Lesson 3: Evolving Synaptic Efficacies

In this tutorial, we will extend a model context/controller with three components, two cell components connected with a synaptic cable component, to incorporate a basic a two-factor Hebbian adjustment process.

Adding a Learnable Synapse to a Multi-Component System

Create a Python script/file named run_lesson3.py to place/write your Python code below into. Let us start by building a controller/model-context similar to previous lessons with the one exception that now we will trigger the synaptic connection between a and b to adapt via a simple 2-factor Hebbian rule. This Hebbian rule will require us to wire the output compartment of a to the pre-synaptic compartment of the synapse Wab and the output compartment of b to the post-synaptic compartment of Wab. This will wire in the two relevant factors needed to compute a simple Hebbian adjustment.

We do this specifically as follows:

from jax import numpy as jnp, random, jit
from ngclearn import Context, MethodProcess
from ngclearn.components import HebbianSynapse, RateCell
from ngclearn.utils.distribution_generator import DistributionGenerator as dist

## create seeding keys
dkey = random.PRNGKey(1234)
dkey, *subkeys = random.split(dkey, 6)

## create simple system with only one F-N cell
with Context("Circuit") as circuit:
    a = RateCell(name="a", n_units=1, tau_m=0., act_fx="identity", key=subkeys[0])
    b = RateCell(name="b", n_units=1, tau_m=0., act_fx="identity", key=subkeys[1])

    Wab = HebbianSynapse(
        name="Wab", shape=(1, 1), eta=1., sign_value=-1., weight_init=dist.constant(value=1.), 
        w_bound=0., key=subkeys[3]
    )

    # wire output compartment (rate-coded output zF) of RateCell `a` to input compartment of HebbianSynapse `Wab`
    a.zF >> Wab.inputs 
    # wire output compartment of HebbianSynapse `Wab` to input compartment (electrical current j) RateCell `b`
    Wab.outputs >> b.j 
    
    # wire output compartment (rate-coded output zF) of RateCell `a` to presynaptic compartment of HebbianSynapse `Wab`
    a.zF >> Wab.pre 
    # wire output compartment (rate-coded output zF) of RateCell `b` to postsynaptic compartment of HebbianSynapse `Wab`
    b.zF >> Wab.post 
    
    ## create and compile core simulation commands  
    evolve = (MethodProcess("evolve")
              >> a.evolve)
    
    advance = (MethodProcess("advance")
               >> a.advance_state)
    
    reset = (MethodProcess("reset")
             >> a.reset)
    
## set up non-compiled utility commands
def clamp(x):
    a.j.set(x)

Now with our simple system above created, we will now run a simple sequence of one-dimensional “spike” data through it and evolve the synapse every time step like so:

## run some data through the dynamical system
x_seq = jnp.asarray([[1, 1, 0, 0, 1]], dtype=jnp.float32)

reset.run()
print("{}: Wab = {}".format(-1, Wab.weights.value))
for ts in range(x_seq.shape[1]):
  x_t = jnp.expand_dims(x_seq[0,ts], axis=0) ## get data at time t
  clamp(x_t)
  advance.run(t=ts*1., dt=1.)
  evolve.run(t=ts*1., dt=1.)
  print(" {}: input = {} ~> Wab = {}".format(ts, x_t, Wab.weights.get()))

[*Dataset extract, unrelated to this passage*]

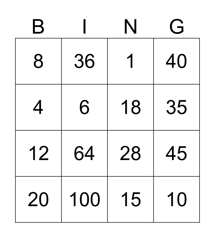 This bingo card has 16 words: 100, 45, 1, 8, 12, 36, 28, 15, 4, 6, 20, 40, 64, 35, 18 and 10.

After running run_lesson3.py, your code should produce (printed to I/O) the same output as below:

-1: Wab = [[1.]]
 0: input = [1.] ~> Wab = [[2.]]
 1: input = [1.] ~> Wab = [[4.]]
 2: input = [0.] ~> Wab = [[4.]]
 3: input = [0.] ~> Wab = [[4.]]
 4: input = [1.] ~> Wab = [[8.]]

Notice that for every non-spike (a value of 0), the synaptic value remains the same (because the product of a pre-synaptic value of 0 with a post-synaptic value of anything – in this case, also a 0 – is simply 0, meaning that no change will be applied to the synapse). For every spike (a value of 1), we get a synaptic change equal to dW = input * (Wab * input); so for the first time-step, the weight will change according to W = W + eta * dW = W + dW and dW = 1 * (1 * 1) = 1, whereas, for the second time-step, W will be increased by dW = 1 * (2 * 1) = 2 (yielding a new synaptic strength of W = 4).

As per the above, you have now created your first plastic, evolving neuronal system!